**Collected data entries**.
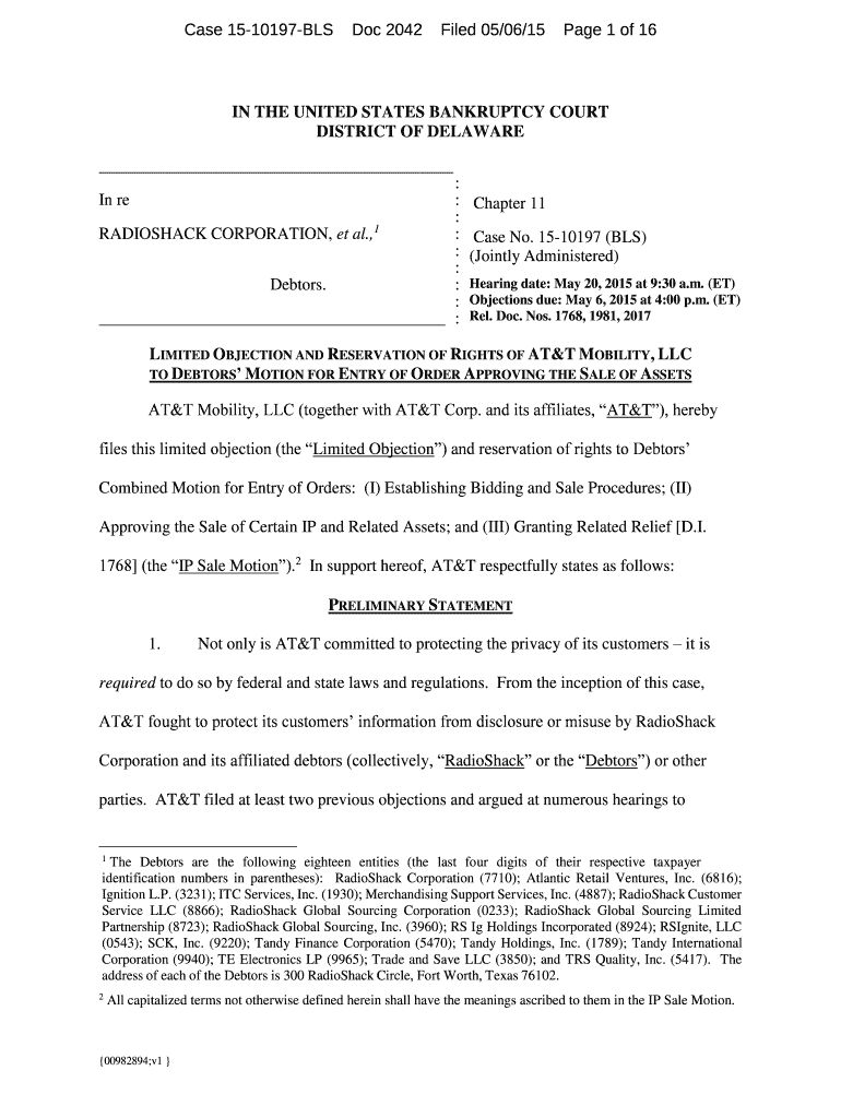 Case 1510197BLSDoc 2042Filed 05/06/15Page 1 of 16IN THE UNITED STATES BANKRUPTCY COURT DISTRICT OF DELAWARE : : : RADIOSHACK CORPORATION, et al.,1 : : : Debtors. : : : In recharter 11 Case No. 1510197
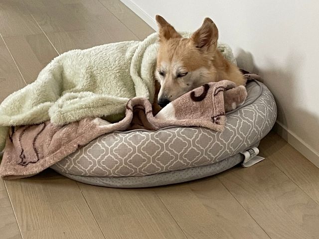 まず、さえちゃんがベッドやクレートの中など安心できる場所で伏せをしているときは、基本的に呼んでも来てくれません。
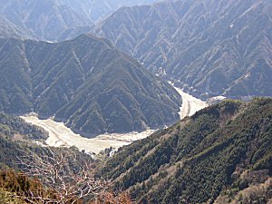 左、山頂から西側の展望台です、この画像からも分かると思いますが冬場以外は南側しか展望が利きません。 右、展望台から南南東の天竜川ダム湖、右側の湖の右手に白く見えるのがヘリポートです、急病とか緊急の時に必要なんでしょうね。 なんせ、陸の孤島 人口221人なんだから。 |
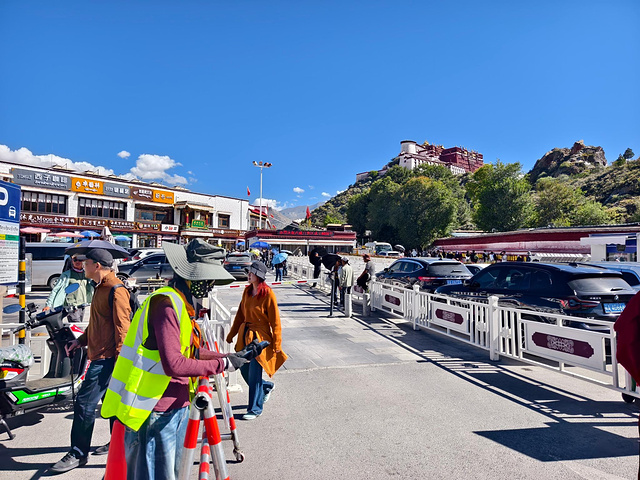 网约车把我们放在了北门,这里是布达拉宫的出口。门口很多拉客的导游,进布达拉宫还是需要讲解,我们也找了一个执证导游。
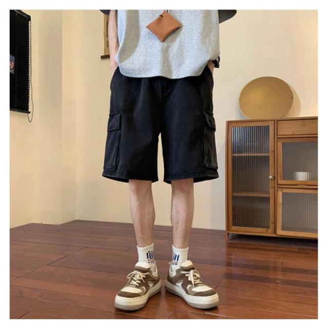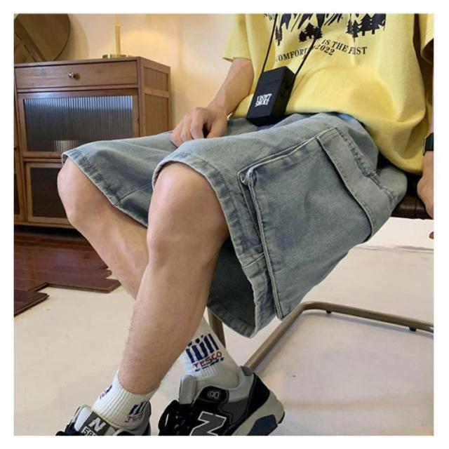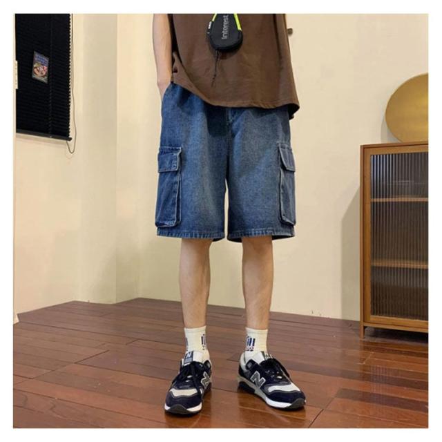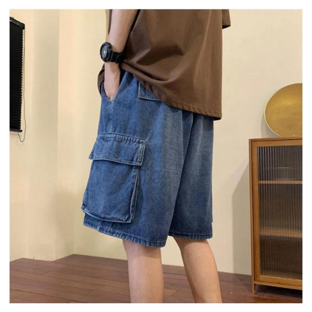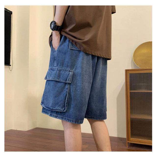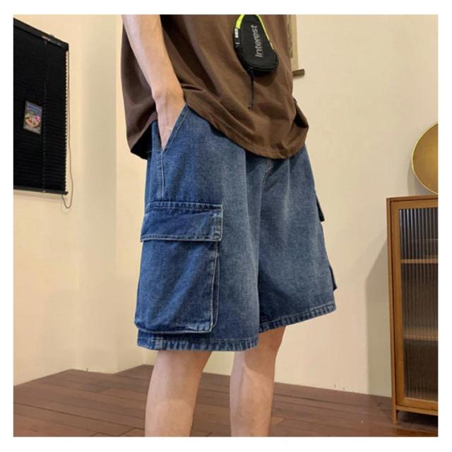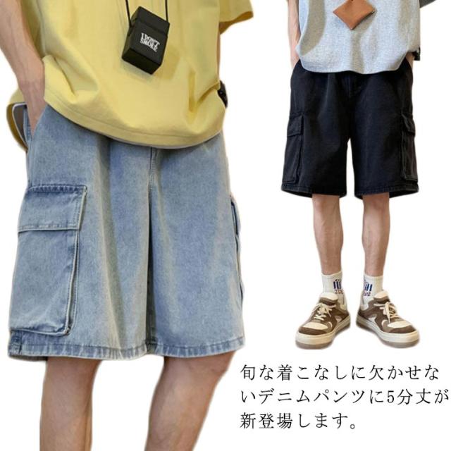 ハーフパンツ デニムショーツ メンズ ルーズ感 ゆったり ジーパン ショートパンツ 半ズボン 短パン 5分丈 カジュアル ウエストゴム 夏物 ストリート ポケット付き 送料無料

**Problem details**.
The records above must be retyped exactly. Please omit the pictures.

**Solution to this task**.
 Case 1510197BLSDoc 2042Filed 05/06/15Page 1 of 16IN THE UNITED STATES BANKRUPTCY COURT DISTRICT OF DELAWARE : : : RADIOSHACK CORPORATION, et al.,1 : : : Debtors. : : : In recharter 11 Case No. 1510197
 まず、さえちゃんがベッドやクレートの中など安心できる場所で伏せをしているときは、基本的に呼んでも来てくれません。
 左、山頂から西側の展望台です、この画像からも分かると思いますが冬場以外は南側しか展望が利きません。 右、展望台から南南東の天竜川ダム湖、右側の湖の右手に白く見えるのがヘリポートです、急病とか緊急の時に必要なんでしょうね。 なんせ、陸の孤島 人口221人なんだから。 |
 网约车把我们放在了北门,这里是布达拉宫的出口。门口很多拉客的导游,进布达拉宫还是需要讲解,我们也找了一个执证导游。
 ハーフパンツ デニムショーツ メンズ ルーズ感 ゆったり ジーパン ショートパンツ 半ズボン 短パン 5分丈 カジュアル ウエストゴム 夏物 ストリート ポケット付き 送料無料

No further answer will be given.